Result result = table.get(new Get(Bytes.toBytes(postId)));

for (KeyValue column : result.list()) {

post.put(new String(column.getFamily()) + “:” + new String(column.getQualifier()), new String(column.getValue()));
}
return post;
}

public static void main(String[] args) throws IOException {
Map blogpost = HBaseConnector.retreivePost(“post1″);
System.out.println(blogpost.get(“post:title”));
System.out.println(blogpost.get(“post:author”));
}
}

April 16th, 2012 at 06:49
kiran Says:

Its very Good Tutorial, it would be great help if i get more good explanations as you mentioned

April 2nd, 2013 at 05:41
manjula Says:

I get the following exception when i run the above code in eclipse. I also added the jars mentioned. Please reply ASAP.
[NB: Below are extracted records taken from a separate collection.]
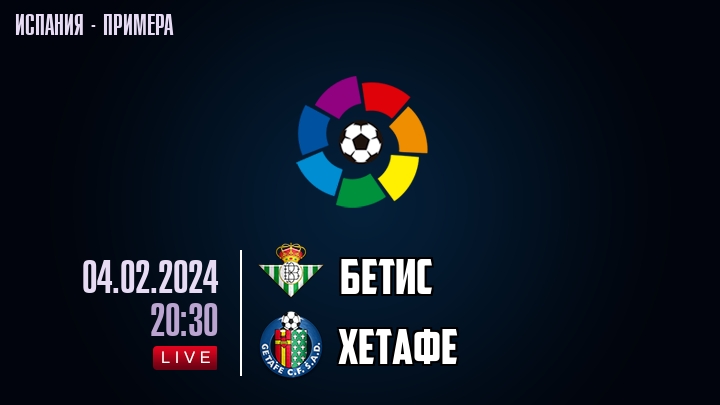 4 февраля 2024 года, состоялась онлайн трансляция футбольного матча между футбольным клубом Бетис и футбольным клубом Хетафе, проходящего в рамках чемпионата Испании.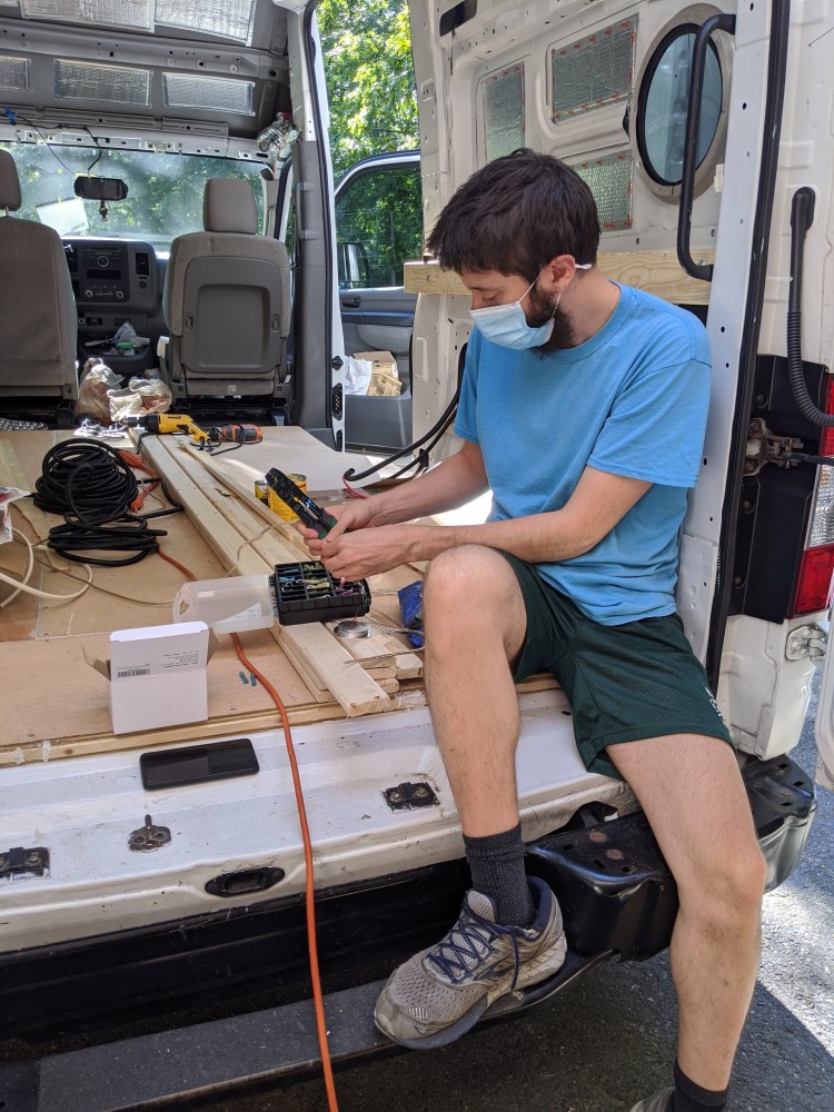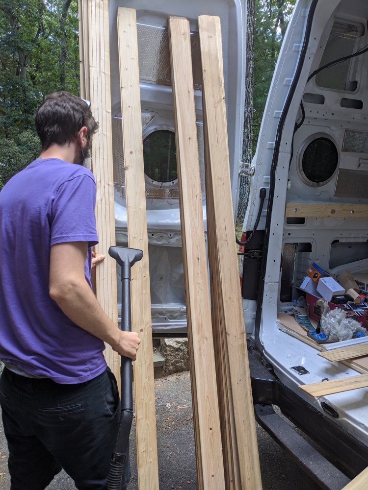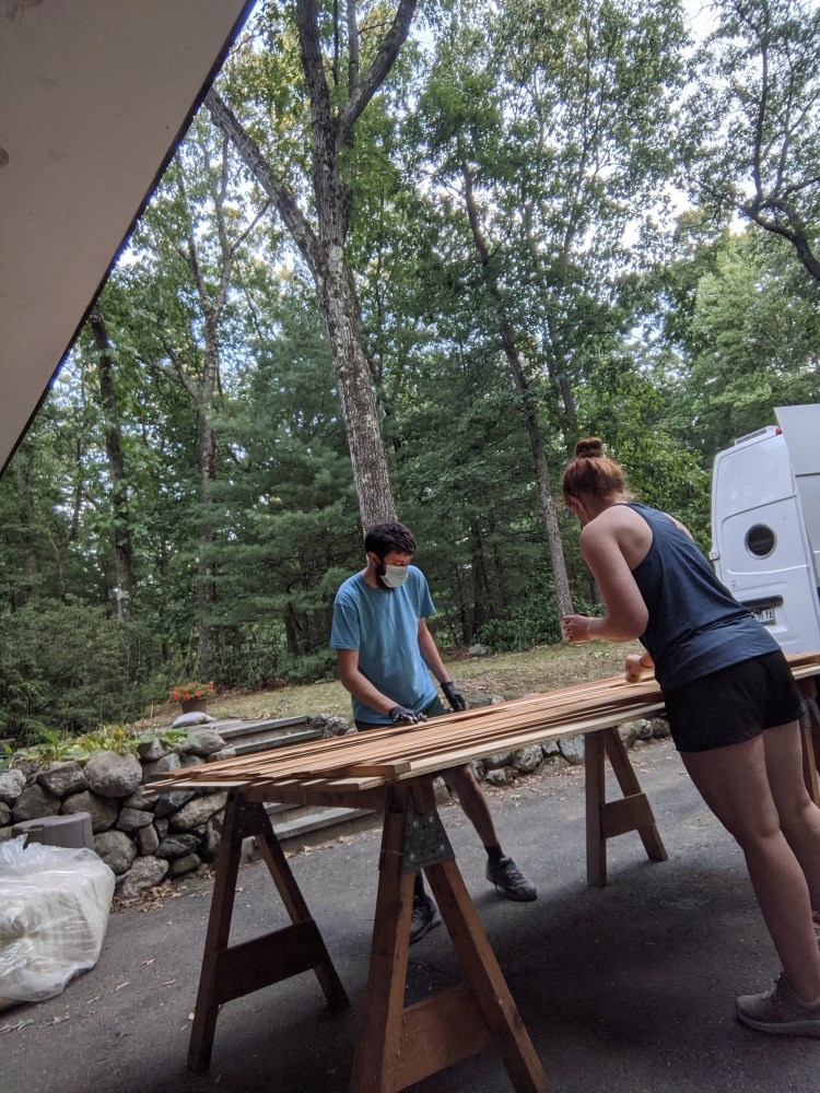 As you might have guessed from the title of this post, we’ve been working on the van ceiling using materials that were quite literally another man’s trash. More specifically, our landlord’s trash. We pulled this wood out of a dumpster before we had even committed to a van build. When our NOBO thru hike was called off we spent several weeks weighing other options: a possible SOBO hike, build out a van, buy a house. Our nights and weekends were occupied with browsing house listings, used van listings, and the latest covid updates and travel restrictions.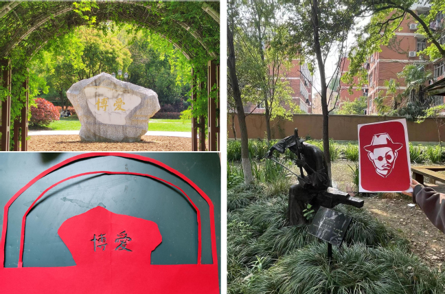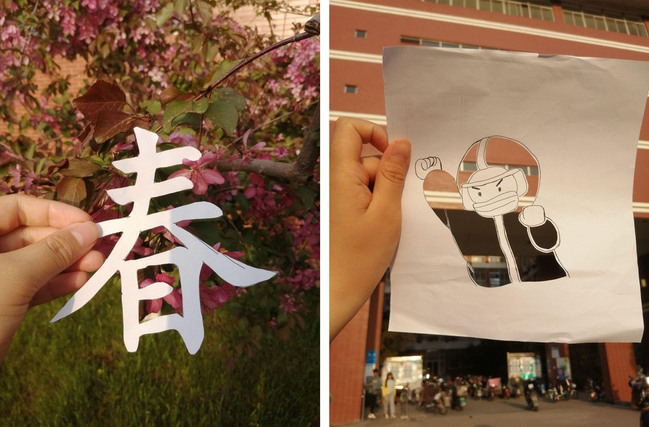 剪纸是我国古老的民间艺术,只借助一把剪刀、一张彩纸,就能塑造出一幅精彩的作品。教科学子充分发挥自己的想象力,各显神通。有的同学将生机勃勃的春日元素与我校“博爱塑魂”的校训相融合,为即将到来的校庆献上祝福;有的同学将在疫情中无私奉献的医护人员身穿防护服的身影描绘在白纸上,透过镂空的防护服可以看到校园中姹紫嫣红的春色;有的同学把“知识的海洋”的图书馆加以点缀,将安静、优雅描绘在纸上。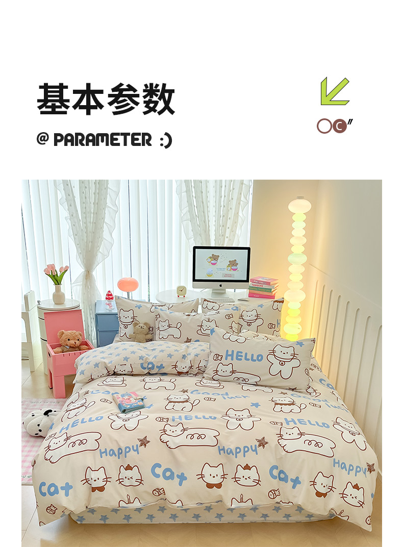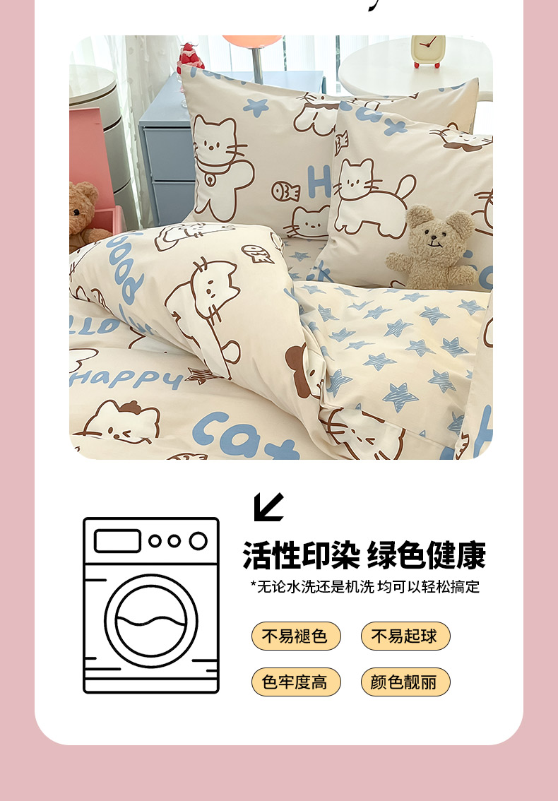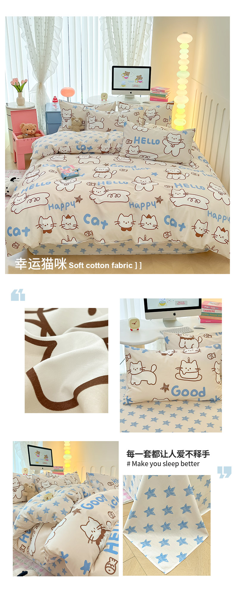 商品名称:晨希家居 2024新款全棉卡通活性印花四件套幸运猫咪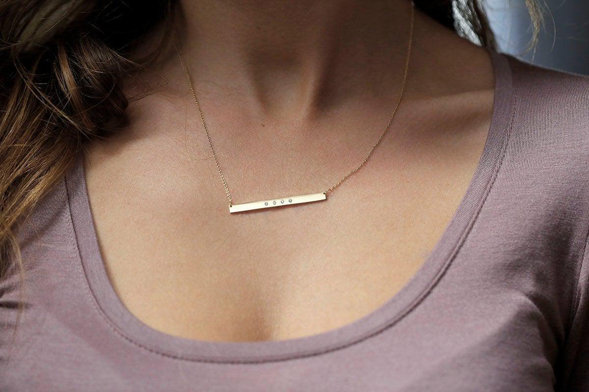 Jednostavna i elegantna ogrlica od 18k žutog zlata sa pločicom ukrašenom sa četiri dijamanta veličine 1.5mm. Moguće je dodati još dijamanata. Moderna i sofisticirana ogrlica za svaki dan.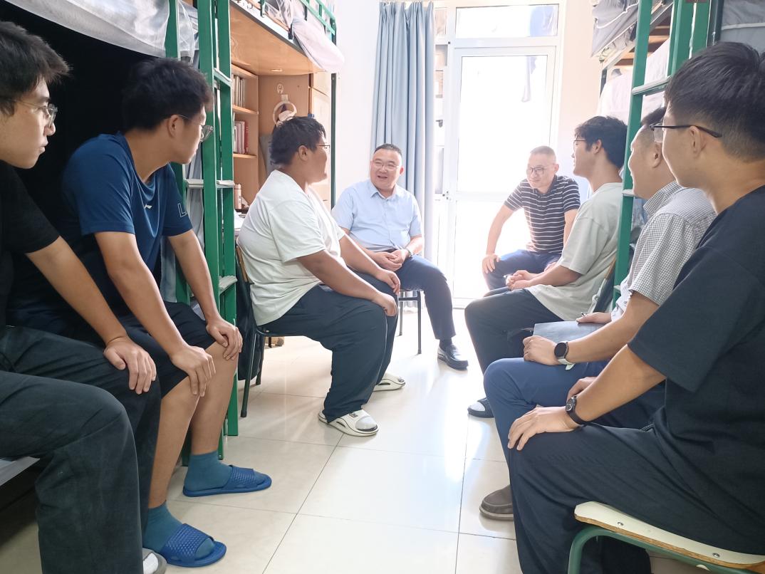 走访过程中,朱斌与同学们亲切交流,仔细询问大家的兴趣爱好、入学以来的适应情况以及未来的学业规划,并围绕大学生活、个人发展等方面给予悉心指导。他鼓励同学们在扎实完成学业的同时,要积极参与校园文化活动,全面提升综合素质,实现德智体美劳全面发展。

Exception in thread “main” java.lang.NoClassDefFoundError: org/apache/zookeeper/KeeperException
at HBaseConnector.retrievePost(HBaseConnector.java:21)
at HBaseConnector.main(HBaseConnector.java:36)
Caused by: java.lang.ClassNotFoundException: org.apache.zookeeper.KeeperException
at java.net.URLClassLoader$1.run(Unknown Source)
at java.net.URLClassLoader$1.run(Unknown Source)
at java.security.AccessController.doPrivileged(Native Method)
at java.net.URLClassLoader.findClass(Unknown Source)
at java.lang.ClassLoader.loadClass(Unknown Source)
at sun.misc.Launcher$AppClassLoader.loadClass(Unknown Source)
at java.lang.ClassLoader.loadClass(Unknown Source)
… 2 more

April 3rd, 2013 at 09:53
Ole-Martin Says:

As mentioned at the top of the post, this post is old and the code doesnt compile.